Act the part. "Alpha" is an of calm, assertive confidence. A true leader KNOWS they are in charge; they aren't asking, or bullying, or trying to convince anyone. Aggressive, domineering bosses are actually showing insecure, middle-of-the-pack behavior, and even in the canine world, he who "lives by the sword" is likely to fall by it. You don't command respect and authority by force. You have to win their minds.

If he's doing things you don't want--Don't Let Him. Control the environment, and set him up to succeed. Make the "bad" things hard or impossible to do...instead, proactively show him a clear path to what you DO want. You don't need him rehearsing old unwanted behaviours, as that makes him more resistant to change. You also don't want a "battle of wills". Just set up your house and yard so that it's not even an issue. He gets into the trash, then growls if you try to clean it up? Put the trash in an inaccessible place, at least for now. Or crate him when unattended. Or install a cheap motion alarm near the trash that makes an unpleasant sound, so it's less appealing to him. Be creative if you need to...but avoid those unnecessary conflicts, especially in the "rebooting" stage.
If you call him to Come, and he ignores you, go and get him immediately. The "Come" happens with or without his approval, but there's no treat &/or praise if he didn't take the action himself, and that sends a pretty clear message.

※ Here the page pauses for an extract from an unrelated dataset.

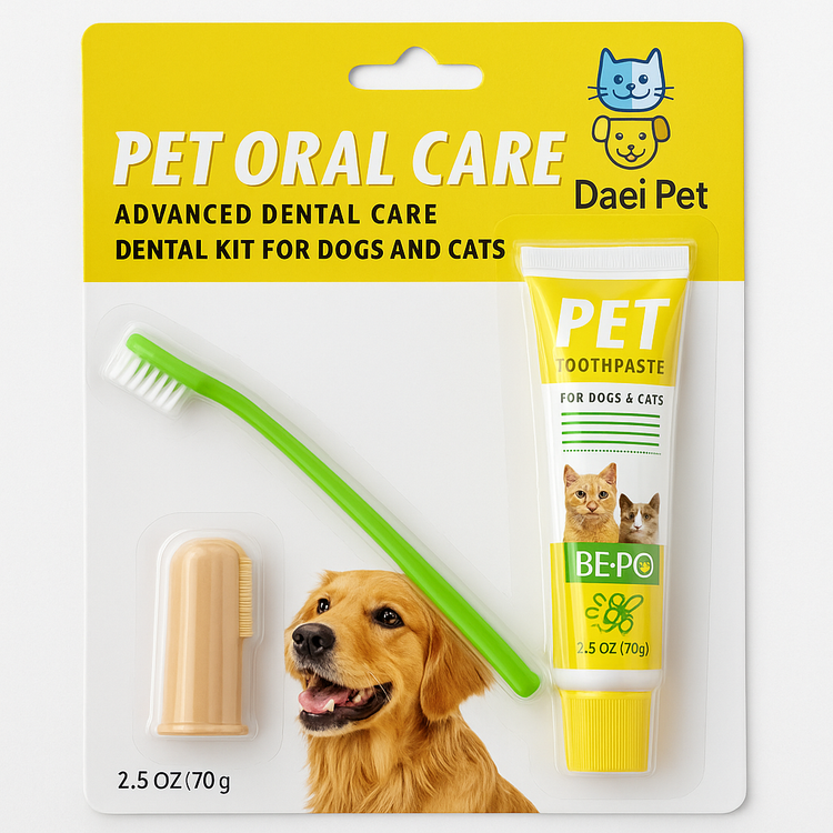 ست کامل بهداشت دهان و دندان دایی پت، شامل یک عدد مسواک، خمیر دندان و انگشتی مخصوص برای سگ و گربه است. این محصول به طور ویژه جهت جلوگیری از پوسیدگی، جرم و بوی بد دهان حیوانات طراحی شده است.

Also, NEVER give a command you can't enforce. If you know he can blow you off without consequence, don't even speak. Just resolve to set up your environment better the next time. Some dogs may require a long line with no loop/handle (airline cable, if he's a chewer) attached to him for a while, to make it safer and easier to move him or enforce a command. For example, if he jumps on the couch and growls, a long line lets you lead him off safely, whereas grabbing him by the collar when you haven't yet established your "right" to do so, is likely to get you bitten. *Tipping the couch over is also an option. ;-) but then you still might have to lead him away to another room or his crate, if he keeps getting back on. Guarding dropped food or stolen objects is another useful situation in which to have a long leash on. He can be led away from the object without direct confrontation, and put in another room so you can reclaim the item. Yes, this is a Band-aid--eventually you will be able to reclaim the object just by asking for it, using space. However, during the training stages, tools and Band-aids are often the most effective option in the long run!
Learn how to train him to walk on a loose leash, and walk him regularly. This not only builds rapport, but also creates a habit of him following your lead. Make sure it is *loose* leash walking! Being dragged all over by a dog is pretty much the opposite of leadership.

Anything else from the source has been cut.